Делать больше было нечего. Лектор развернул блокнотик, Борискину запись стал заносить, а наши к машине направились. Помпей во все тяжкие вздыхает, а Антошка хорохорится:

– На три метра…

– Прекра… Прекратишь ты, концы-то в концах, свои метры? – задохнулся Помпей. – Во что ты меня перед человеком вбякал? – шепотом спрашивает.

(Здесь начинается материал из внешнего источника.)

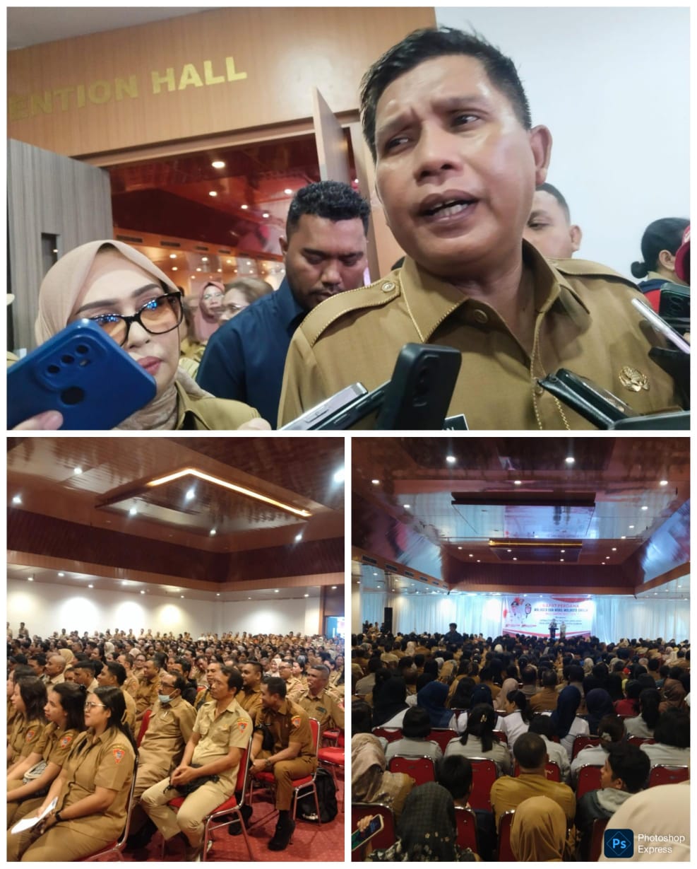 Hari ini saya bersama ibu Elly Toisutta sebagai Walikota dan Wakil Walikota Ambon memperkenalkan diri kepada seluruh jajaran ASN non ASN Pemerintah kota sekaligus kami menyampaikan apa yang menjadi keinginan dan harapan kami untuk menjawab semua janji politik yang sudah kami sampaikan kepada masyarakat, ungkap Walikota Ambon Bodewin Wattimena kepada wartawan usai Rapat Perdana Walikota dan Wakil Walikota Ambon Masa Jabatan 2025-2030 bersama ASN dan Non ASN yang bertempat di lantai 2 MCM Tantui Ambon, Selasa (4/3/2025)
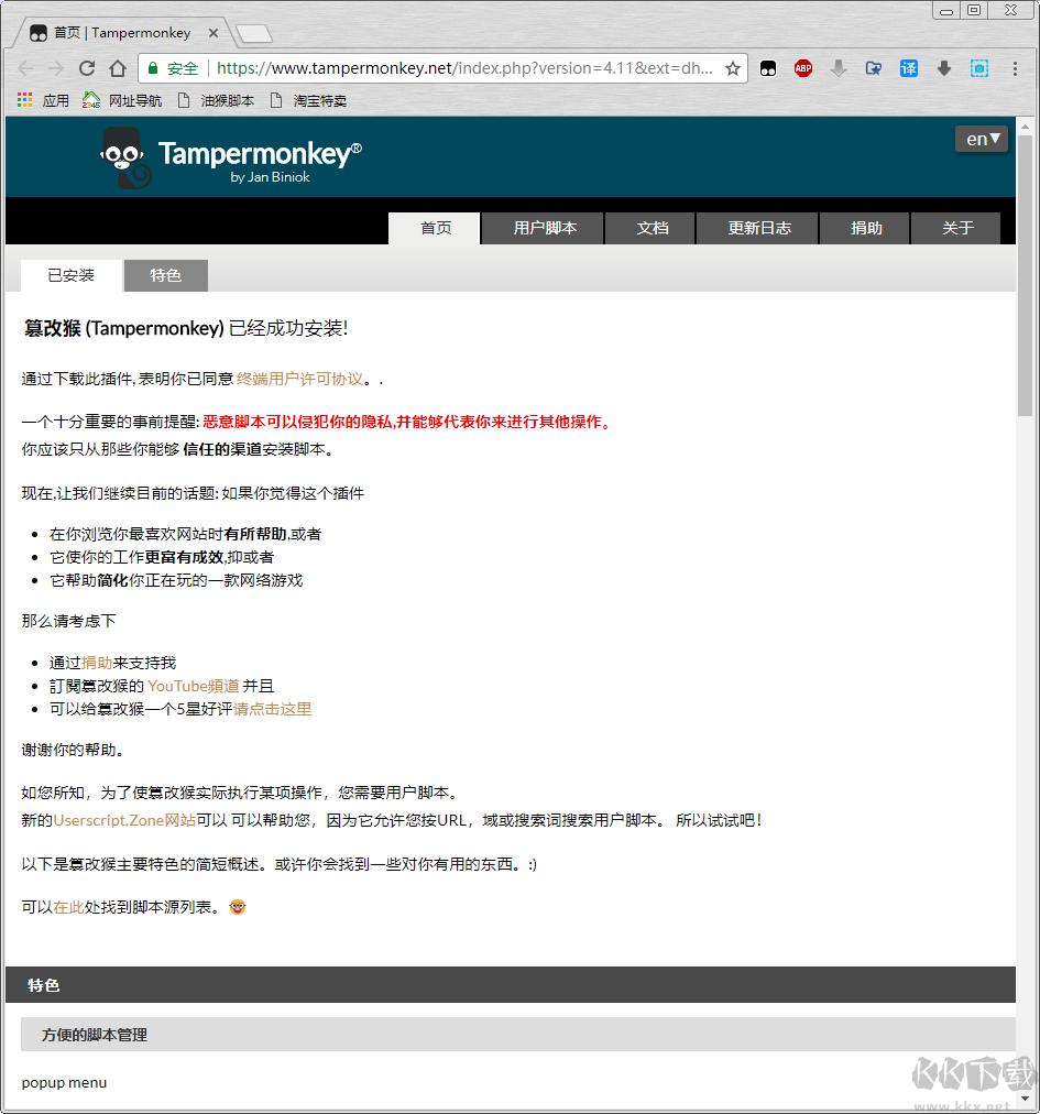 直觀展示所有已安裝腳本,包括最后更新時間、分類標(biāo)簽及腳本主頁鏈接,方便統(tǒng)一管理。

Антошка – полководца на выручку:

– Метры не мои, – шепчет. – Так Суворов солдату определял видеть…

– Суво-о-оров, Суво-о-оров!.. – перекосоротил Помпей. – Вам с Суворовым что? Холостяки оба… выдумываете! А тут – семь душ, теща и разрыв сердца на носу. Геологи, таку вашшу…

Ну и обругал обоих по совокупности. Потом лектор подошел. Карандашиком до пуговки на Антошкиной гимнастерке дотронулся и говорит:

– Когда, молодой человек, с народом работаете, поменьше надо в землю глядеть. На людей надо глядеть…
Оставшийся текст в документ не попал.